Category Archives: mommyblogging

All Aboard the Baby Night Terror Train

Song Lyric of the Day:

Sweet dream or a beautiful nightmare / Somebody pinch me, your love’s too good to be true / (Turn the lights on)

No sooner had we gone to bed last night than Coraline woke up to be changed and fed. It was Rich’s turn to check on her; within minutes of him heading to her room, I heard her screaming like I’ve never heard her scream before. When I got to her room, Rich was trying to console her, to no avail. I tried to calm her, also to no avail. Based on the sheer terror she was exhibiting, we figured she had to be experiencing night terrors. According to BabyCenter, babies don’t experience night terrors until the age of about nine months, but we’re stumped as to what else it could have been.

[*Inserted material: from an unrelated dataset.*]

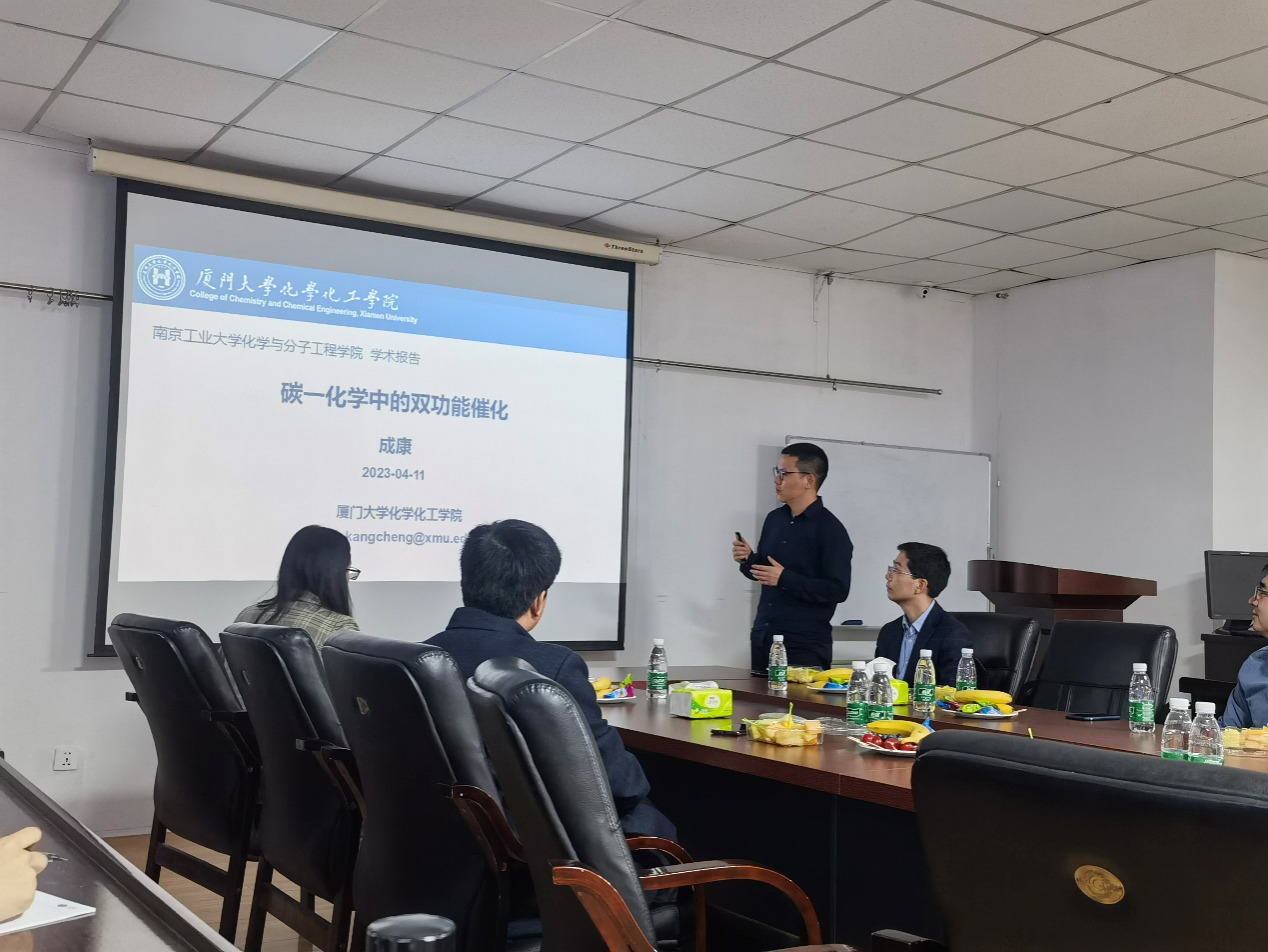 4月11日下午,国家自然科学优秀青年基金获得者、厦门大学教授谢顺吉和成康来访公司,分别以“C1分子光/电催化转化”和“碳一化学中的双功能催化”为题为大家做了两场精彩的学术报告。

Anyone else out there experience anything like this with their almost-four-month-old? She was looking at us, but it was like she didn’t see us. Nothing we did calmed her down: holding her, rocking her in her glider, walking down the hall with her. She screamed so loudly she even set off the glass-break sensor, setting off our house alarm in the middle of the night. This went on for almost a half hour. We finally got her calm enough to lay her down in her crib again; she slept for a few hours after that, probably out of sheer exhaustion. I’m cautiously optimistic that it won’t happen again tonight, but we’ll see. Fingers crossed we all have a better night tonight than we did last night.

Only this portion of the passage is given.